女王国の東は海に接していたと理解できる。また、1000余里渡ると倭人が住んでいるとある。1000余里という距離だが、魏志倭人伝にはちょうど3回登場する。

(原文)「始度一海千餘里、至對馬國」 (訳文)始めて一海を渡る。1000余里。対馬国に至る

(原文)「又南渡一海千餘里、名曰瀚海、至一大國。」(訳文)また南に一海を渡る。1000余里。名を瀚海という。

(原文)「又渡一海千餘里、至末廬國。」(訳文)また一海を渡る。1000余里。末廬国に至る。

狗邪韓国(こやかんこく)=釜山近郊、から対馬、壱岐島、唐津までのそれぞれの距離を1000余里と記しているが、実測では、概ね、104km、64km、41kmとかなりばらつきがある。当時の測量技術ではここら辺が限界なのかもしれぬ。
(注 距離のデータは中田力氏「日本古代史を科学する」から)

何れにしても、この記述では、畿内も北九州も当てはまらない。


5.紹興の東となると緯度的にはかなり南、九州のかなり南部に位置する。

(原文)計其道里、當在會稽東冶之東。

(訳文)その(倭国の)位置を計ってみると、ちょうど會稽や東冶の東にある。

三国志時代の會稽というのは今の浙江省紹興、東冶というのは會稽郡の下の県単位。東冶を福建省と解釈している人がいるが間違い。その會稽のちょうど東、つまり緯度が同じとなると九州のかなり南に位置する。

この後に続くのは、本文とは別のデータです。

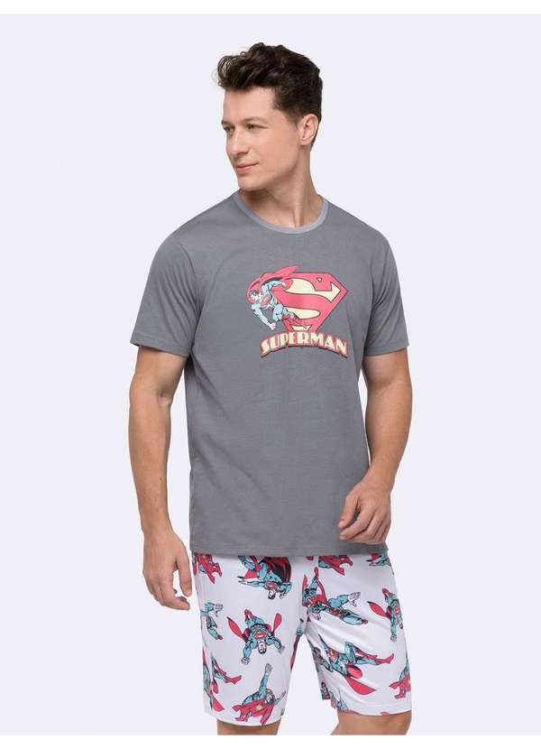 Veggi - Pijama Manga Curta Masculino Superman Cinza
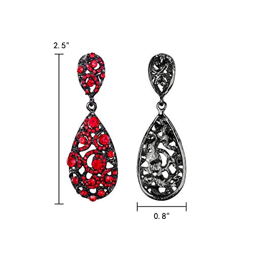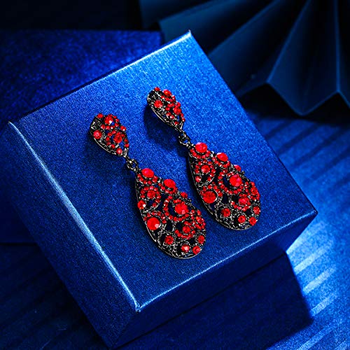 Clearine Orecchini Donna Matrimonio Cerimonia Cristallo Rhinestone lacrima vuoto-fuori Cheelier Orecchini pendenti a goccia regalo per donne Rosso Nero-fondo
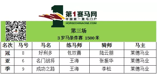 第三场是3岁马条件赛,途程1500米,本场最高负重58公斤的两驹“好利多”、“名门战将”占据冠亚两席,第三名由“成功之路”拿下。

こうしてみると、畿内説も北九州(福岡)もない。前回書いたようにこれら記述を満たすのは やはり 宮崎平野しかないのである。
宮崎平野の東は海・日向灘であり、概ね東を見るとそこは四国である。

ここで、Google Earthの地図を見る。
邪馬台国.jpg

私は単に史実を知りたいと言うこと。これに尽きる。
2000年近い前のこと、決定的な証拠がない以上、残された書物や遺跡、神話、伝説などから推測していかなければならないのだが、どれも決定打ではないため、いかような解釈も成り立ってしまっている。

しかし、きちんと読み解けば 「邪馬台国はやはり宮崎平野にあったろう 」としか言いようがない。